Palestinian youth tell the human stories behind the numbers in the news

The long goodbye

Fatema Dabdoub | 30-09-2015


Fatema's grandfather
Fatema's grandfather

On the last day of Ramadan (the month during which Muslims fast from sunrise until sunset), my paternal grandfather passed away. He was very ill, mostly due to old age, but it was still very hard to accept. My grandfather left Palestine during the Nakba* and sought refuge in Lebanon; he was almost 26 years old then and ended up living in a camp in Beirut.

When I first learned of his death, memories flooded my mind; I stared in shock and tears started streaming down my face. I remembered how much he loved us and was always protective of us--sometimes too protective. He'd always come across as harsh, scolding us angrily for doing something he thought could harm us; even going to the beach was a reason for him to be afraid. He'd get frustrated and we'd get bothered, but it was just his way of showing concern. I guess it was the result of everything he had been through.
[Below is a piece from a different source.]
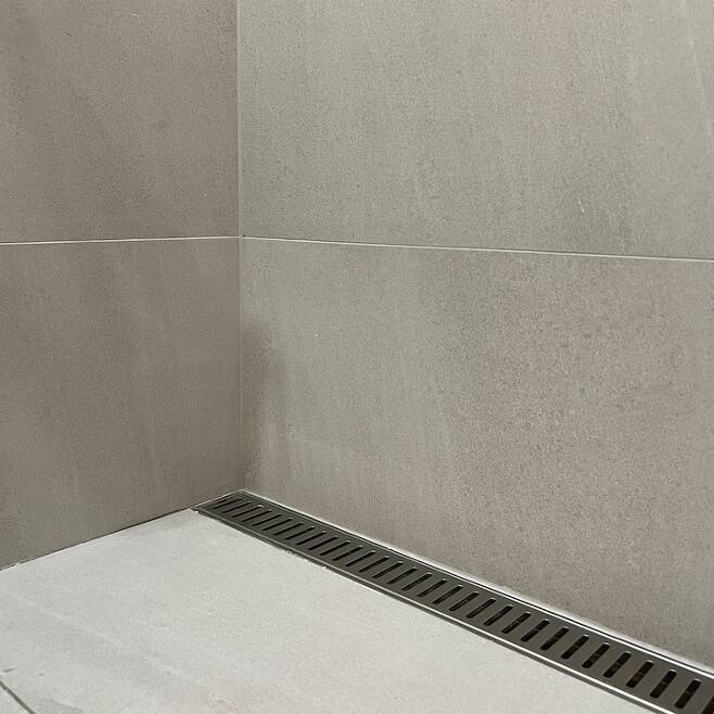 화장실의 벽과 바닥 타일은 같은 타일로 통일해서 화장실이 최대한 넓게 느껴지도록 했어요.

I remembered the big warm smile that spread across his face whenever we'd visit him and my grandmother. We’d go to his bedroom to greet him, since he mostly spent his time lying down. I will never forget how much we loved his Palestinian "ey ey" he'd utter whenever he heard something of which he didn’t approve. I certainly can never forget the stories he told about the village he was from, or as he always stressed, where "we're from." His eyes would glow whenever my little brothers talked about going back to Al-Berwa one day.

In the last couple of years, he had started being very forgetful. One time he woke up from his sleep yelling that he wanted to go to Al-Berwa, insisting that someone take him there. My mom couldn't help but shed tears at the sight of this. He'd also start mentioning people he knew there; when we'd try to calm him and tell him he was probably dreaming, he'd stare into our eyes, give us that grumpy look, then sigh as he closed his eyes, trying to go back to sleep.
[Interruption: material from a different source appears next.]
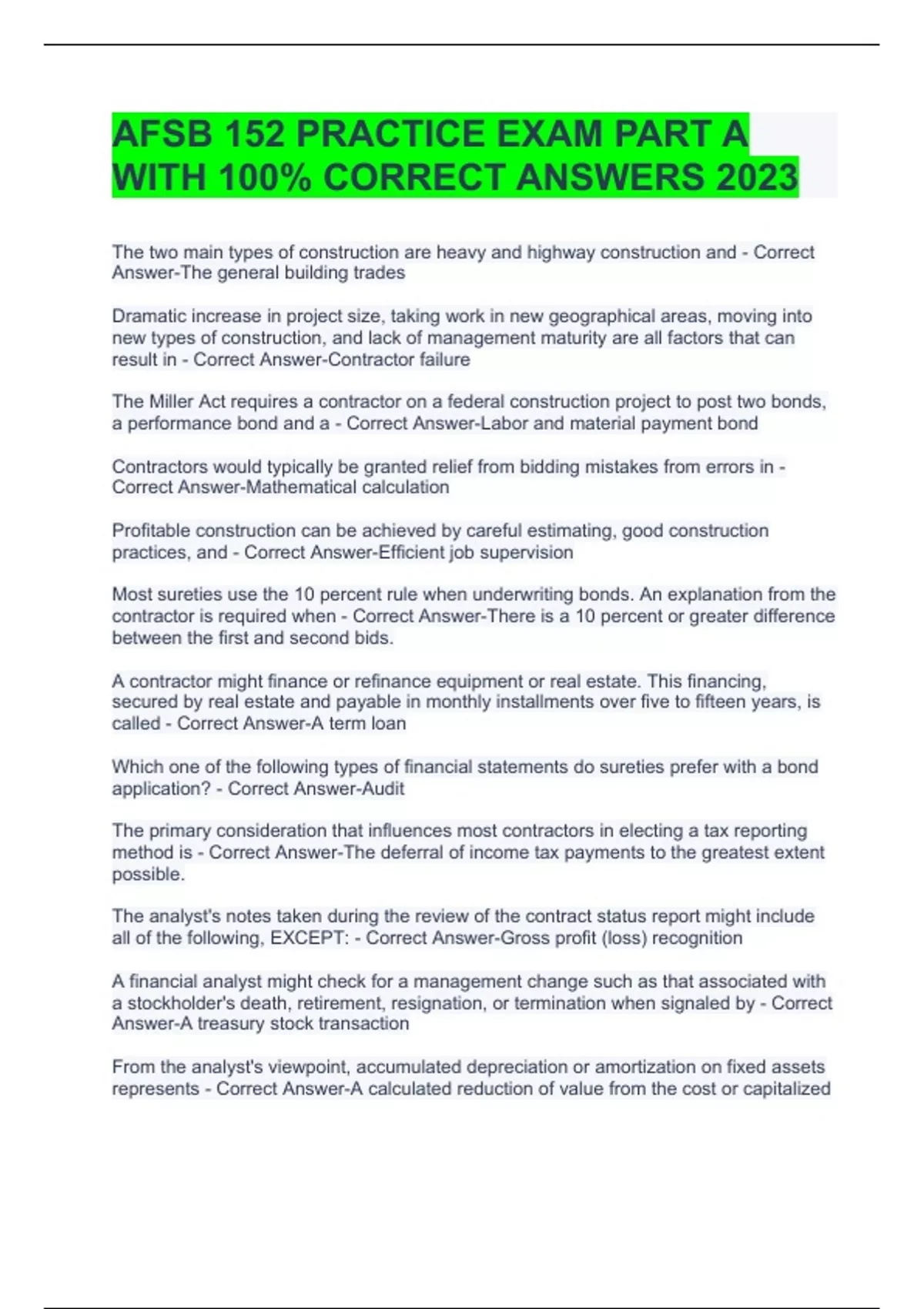 Package deal for AFSB 152 PRACTICE EXAM PART A WITH 100% CORRECT ANSWERS 2023

My grandfather lived in Beirut’s Borj Al-Barajneh camp most of his life; he worked as a butcher and most of the community knew him very well. So, it was right to have his burial there. We used to visit the camp frequently, but rarely during the last couple of years. Walking through the camp again was a shock. There was trash everywhere, sewage leaking all over the place, foul odors and uneven ground. I guess it's always been that way; maybe I had been too young to notice it. People walked around doing what they usually do during Eid (an Islamic celebration following the end of Ramadan): visit their friends and family, take their kids somewhere fun or buy them something sweet.

We walked through a very tight path called Zaroubi** and in a corner was a rusty old swing that caught my attention. A man was pushing it forcefully, while kids enjoyed the ride and sang traditional Eid rhymes, giggling and screaming happily. The camp has a very close-knit community. Although my grandparents had left the camp a long time ago, people kept coming to my grandfather's sister's house to offer their condolences. I barely knew any of the people who greeted me to show their empathy. I'm not sure they knew me either; they just knew I was related to him.
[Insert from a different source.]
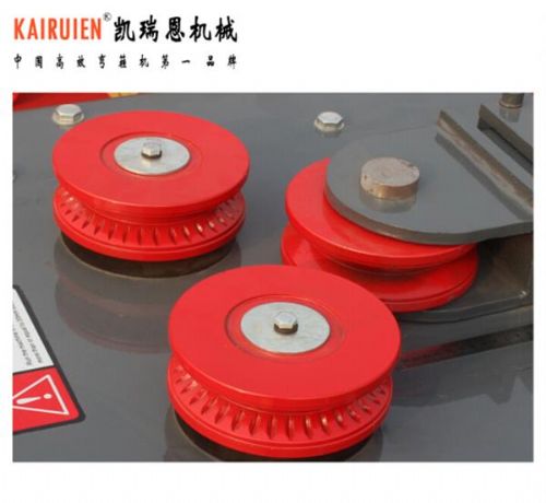 特点:该钢筋弯弧机市面上*一一家所有工作轮全部采用9CrSi材质,军工级淬火锻造而成,确保500吨内无需更换工作轮。另可增配圆管、方管、矩形管、角钢、槽钢、扁铁钢的工作轮模具,真正的达到了一机六用工作效果。

The hardest part of it all was seeing my grandfather before the burial, bidding him a last goodbye and planting a kiss on his forehead, while sending several prayers his way. I wonder if he ever imagined that in 1948 that he was bidding his land his last goodbye. Most of our grandparents left Palestine thinking it was just a temporary situation, that they would go back in a short while. That probably explains why my grandfather would hate even the thought of buying property in Lebanon***. When his sons or daughters would buy something, he'd stubbornly order them to "go sell it!" We never really could get our heads around why he was so angry about that stuff. He had kept all his keys and the deeds for the land he bought prior to leaving Al-Berwa, in anticipation of going back one day. Yet it was his destiny to die outside his land and be buried in the soil of another. May your soul rest in peace jiddo (grandpa)!

We, the youth, always speak about longing for our land; we speak the slogans and raise the banners, but whatever emotion we have will never amount to what our grandparents experienced, and still do.

Mentor: Pam Bailey
Posted September 30, 2015

* Yawm al Nakba means "The Day of the Catastrophe" in Arabic; it is the day when Palestinians were displaced from Palestinian lands in 1948, prior to and after the declaration of an Israeli state.

** Camps in Lebanon are highly populated; houses are so close that two people walking side by side often barely fit in the paths between houses.

*** The law dictating that Palestinian refugees in Lebanon cannot own property wasn't passed until March 2001; even after the law was implemented, Palestinians still buy property but they are unable to register it; they either register their property in the name of a Lebanese friend or a Palestinian relative who holds a foreign citizenship.